TODOS
OS BICHOS DE NÊ SANT’ANNA
Insight: COPA, CERA E HIPNOSE
Nasci em setembro de 1966, ano de
Copa do Mundo. Da Copa de 1970 quase nada recordo, apesar do tri brasileiro. Em
1974, durante um dos jogos, no qual a Seleção Brasileira perdia, minha mãe,
torcedora fanática, e todos que assistiam aquele jogo em nossa casa – primos,
tios, amigos e vizinhos – roíam as unhas em desespero. Quando o Brasil marcou
um gol, ficaram alucinados e durante a comemoração, que começou na sala e
acabou na varanda, alguém me empurrou e eu rolei escada abaixo.
Naquela época, era hábito encerar
todo tipo de chão.
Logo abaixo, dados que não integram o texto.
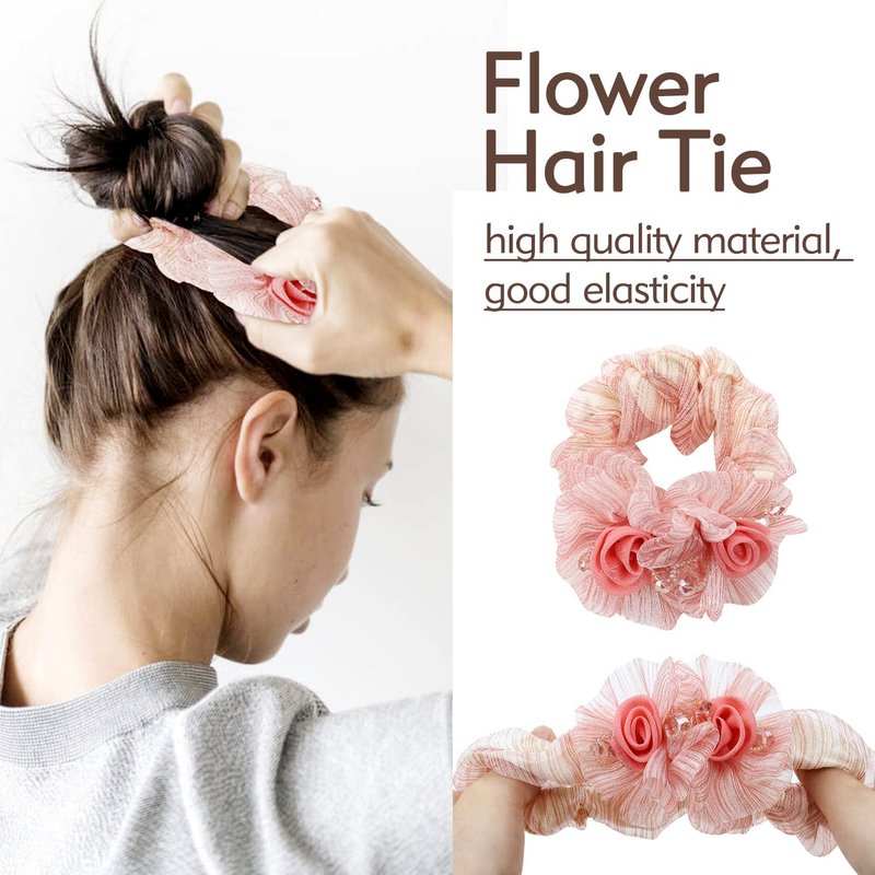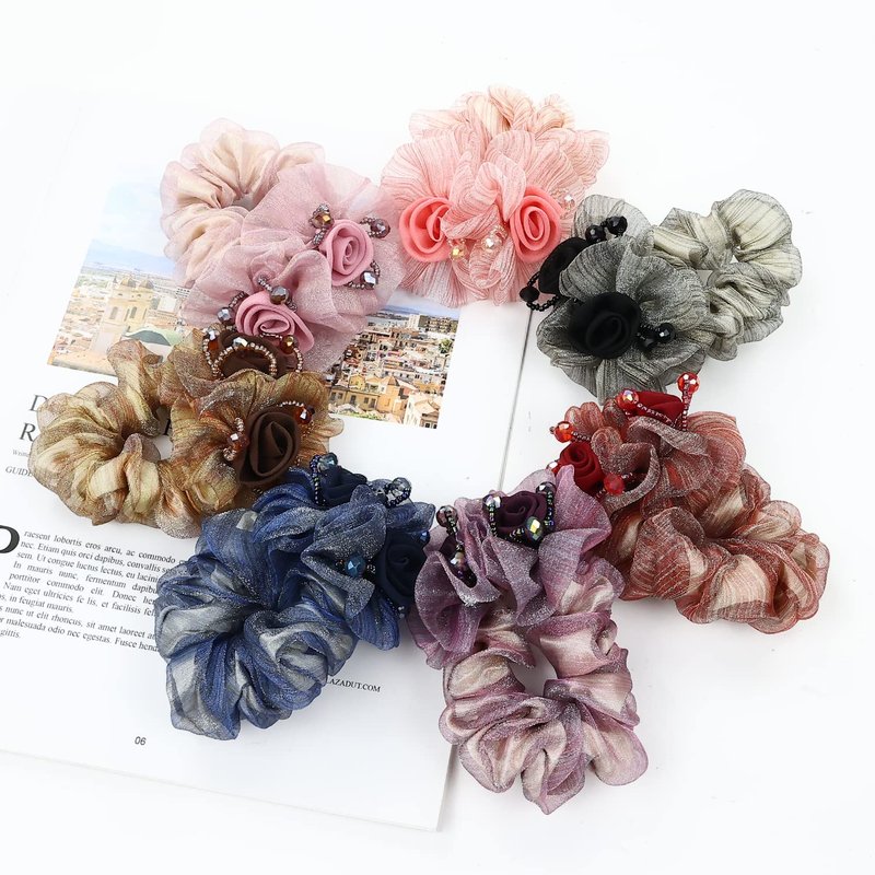 - Material: All flower hair scrunchies are handmade of high quality tulle with elastic rubber bands inside. Two roses on each hair tie are handmade of high quality satin and decorated with shining crystals, pearls and small beads which make them more delicate and pretty.

O piso e a escada da nossa varanda, de cimento queimado
vermelho e cacos de ladrilho, tornava-se um “sabão”. Por sorte, apesar da dor,
só torci o braço e, por azar, o Brasil perdeu aquele jogo e aquela Copa.
Minha mãe e o resto da torcida - a
doméstica e a brasileira, ficaram inconformados e como é comum nessas ocasiões,
procuraram culpados e milhares de explicações foram levantadas e debatidas: “se
o Pelé estivesse jogando imporia respeito, mas ele não quis se sacrificar pelo
Brasil; os jogadores se apavoraram; o juiz roubou” e por aí afora elencavam argumentos
para explicar tão grande infortúnio.
Compreendi naquele dia, a duras
penas, o fascínio e a loucura que o futebol e a Copa podem exercer sobre as
pessoas porque só cuidaram do meu braço depois que o jogo terminou.
Décadas depois, na última Copa,
estava no Rio de Janeiro e pegaria a ponte aérea Rio-São Paulo justamente no
dia do primeiro jogo do Brasil na Copa de 2010. Foi difícil encontrar um táxi
para fazer o trajeto do hotel ao aeroporto Santos Dumont. Quase todos se
preparavam para ver o jogo, e os que podiam encerraram o expediente mais cedo.
O taxista que me levou ao
aeroporto estava indignado, achava um absurdo o efeito que a Copa produzia nas
pessoas, incluindo seus próprios colegas taxistas, e mais absurdo ainda, a Copa
de 2014 ser no Brasil. Esse “filósofo” ou “vidente” foi destilando sua revolta
social e política durante todo nosso pequeno
trajeto, e hoje percebo que ali já estava a semente das manifestações de
rua que eclodem Brasil afora desde junho do ano passado.
Quando embarcamos, um passageiro
estava extremamente nervoso com a expectativa do resultado do primeiro tempo do
jogo que aconteceria justamente enquanto voaríamos do Rio a São Paulo. A
aeromoça tratou de acalmá-lo, prometendo informar-lhe sobre o desenrolar da
partida.
Ao sobrevoarmos São Paulo, vi uma
paisagem inédita pela janelinha do avião. A imensa cidade parecia desabitada;
pouquíssimos carros pelas ruas, mas pouquíssimos mesmo, de modo que era
possível observar a cor do asfalto e o desenho das ruas.
Uma onda de terror naquele
momento me percorreu. De repente, o longínquo tombo de 1974 voltou à memória e,
mais uma vez, me dei conta do poder quase hipnótico que as Copas exercem no
Brasil. Decidi ser a última a desembarcar e desci com cuidado a escadinha. Ao
entrar na sala de embarque do aeroporto de Congonhas, quase não havia barulho,
apenas pessoas fitando, numa espécie de transe coletivo, o jogo exibido, sem
som, em várias telas espalhadas por todos os cantos.
Mais uma vez, tratei de prestar
atenção por onde pisava, enquanto aguardava o meu próximo embarque.